How the Two New Drugs Compare

Choosing between seladelpar and elafibranor depends on your symptoms and health profile.

For most patients with intense itching and high ALP, seladelpar is the better choice. If you’re also dealing with high cholesterol or triglycerides and don’t have severe itching, elafibranor might be a solid fit. Either way, both are better than the old option - and both are backed by real data from thousands of patients.

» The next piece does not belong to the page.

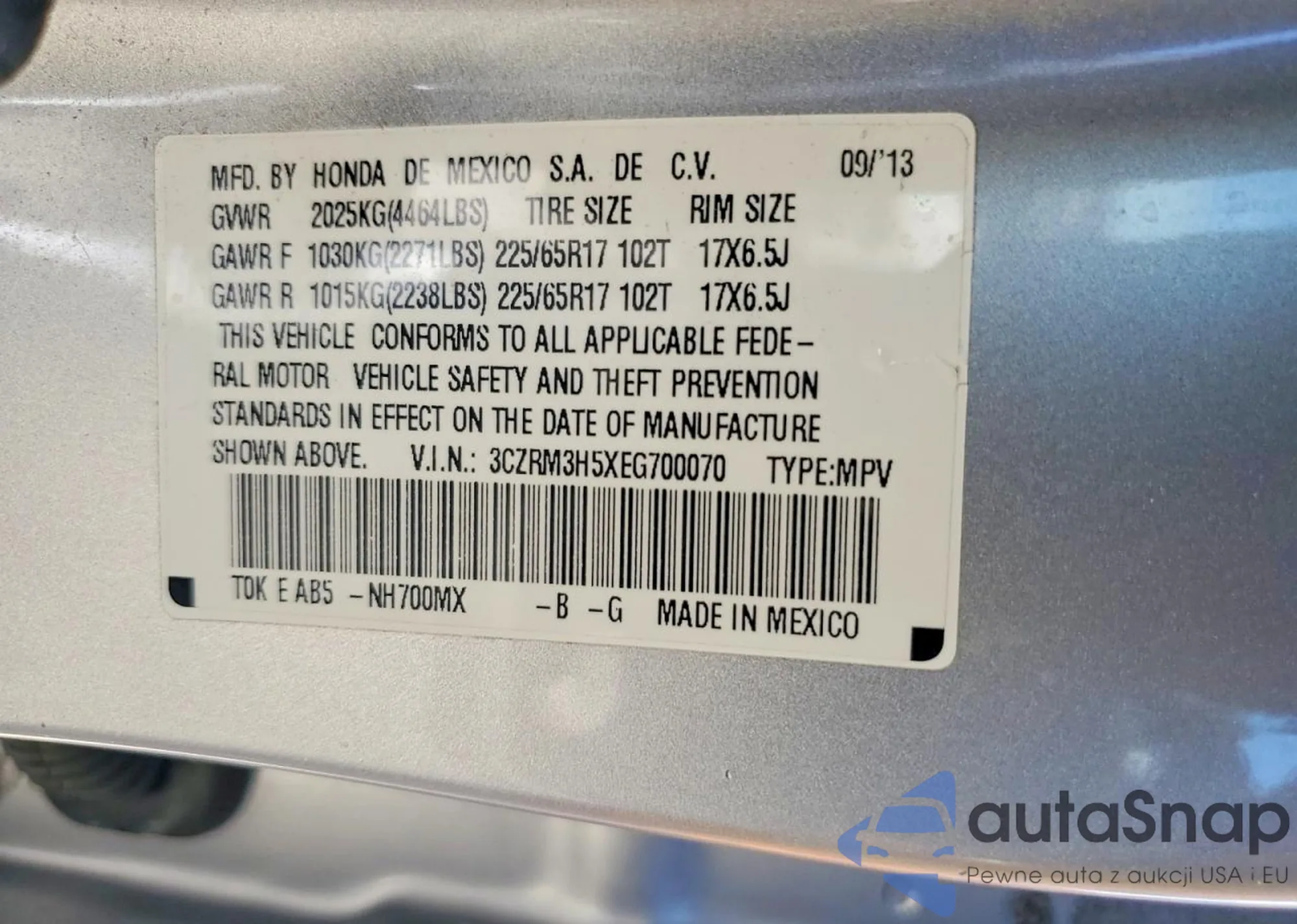 • VIN 2HKRM4H7XFH684068

What About Fibrates and Other Options?

Before the new drugs came along, doctors sometimes used fibrates - medications like fenofibrate or bezafibrate - off-label for PBC. These are typically used for cholesterol, but they also reduce ALP and improve liver enzymes. Some studies show they help when UDCA alone isn’t enough. They’re cheaper and available as generics, but they’re not FDA-approved for PBC. That means insurance might not cover them, and long-term safety data is thinner.

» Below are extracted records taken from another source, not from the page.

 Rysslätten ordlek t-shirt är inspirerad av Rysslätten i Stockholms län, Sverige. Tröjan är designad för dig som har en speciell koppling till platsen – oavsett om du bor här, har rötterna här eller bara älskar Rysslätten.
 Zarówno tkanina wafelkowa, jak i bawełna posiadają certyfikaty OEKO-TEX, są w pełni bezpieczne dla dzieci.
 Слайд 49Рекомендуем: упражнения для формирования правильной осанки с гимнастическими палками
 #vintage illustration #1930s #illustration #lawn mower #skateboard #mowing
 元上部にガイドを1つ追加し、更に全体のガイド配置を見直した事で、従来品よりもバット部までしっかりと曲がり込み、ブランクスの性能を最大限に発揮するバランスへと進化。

Right now, experts recommend fibrates only if the newer drugs aren’t accessible - either because of cost or availability. But research is ongoing. Drugs like setanaxib (targeting oxidative stress) and VE-202 (a gut microbiome therapy) are in trials. One of them might be next.

Monitoring and Real-World Outcomes

It’s not enough to just take the medicine. You need to track progress. ALP levels shouldn’t be checked once and forgotten. They need to be followed every 3 months during the first year, then every 6 months. A single high number doesn’t mean treatment failed - trends do. If your ALP drops by 15% and stays down, even if it’s not perfectly normal, you’re still gaining protection.

Real-world data from Johns Hopkins and other centers shows patients switching from Ocaliva to seladelpar often feel better within 8 weeks. Quality of life improves. Fatigue lifts. Sleep returns. That’s not just science - it’s lived experience.

But access is still a hurdle. Medicare requires proof of UDCA failure and ALP >1.67x normal before approving seladelpar or elafibranor. And even then, 28% of prior authorization requests get denied. That’s why working with a hepatologist who knows the system matters. Many academic centers have streamlined this process. Community clinics? Not always.

The Future: More Than Just ALP

The field is shifting. We’re no longer just chasing enzyme numbers. The FDA just approved a new tool called PBC-40 PRO - a patient-reported survey that measures itching, fatigue, and quality of life. In the next 5 years, trials will need to prove they improve how patients feel, not just what labs show.

And affordability? That’s the next battle. Right now, 40% of insured patients pay over $500 a month out of pocket for these new drugs. That’s unsustainable. Advocacy groups are pushing for value-based pricing. Until then, patients need to know: help is out there - from nonprofit support programs to manufacturer assistance apps like the PBC Foundation’s Treatment Navigator.

There’s no cure yet. But we’ve gone from watching the disease creep forward to having real tools to stop it. The key is knowing what’s available, staying on top of your numbers, and not giving up if the first drug doesn’t work. PBC is slow - but so are the answers. And now, they’re working.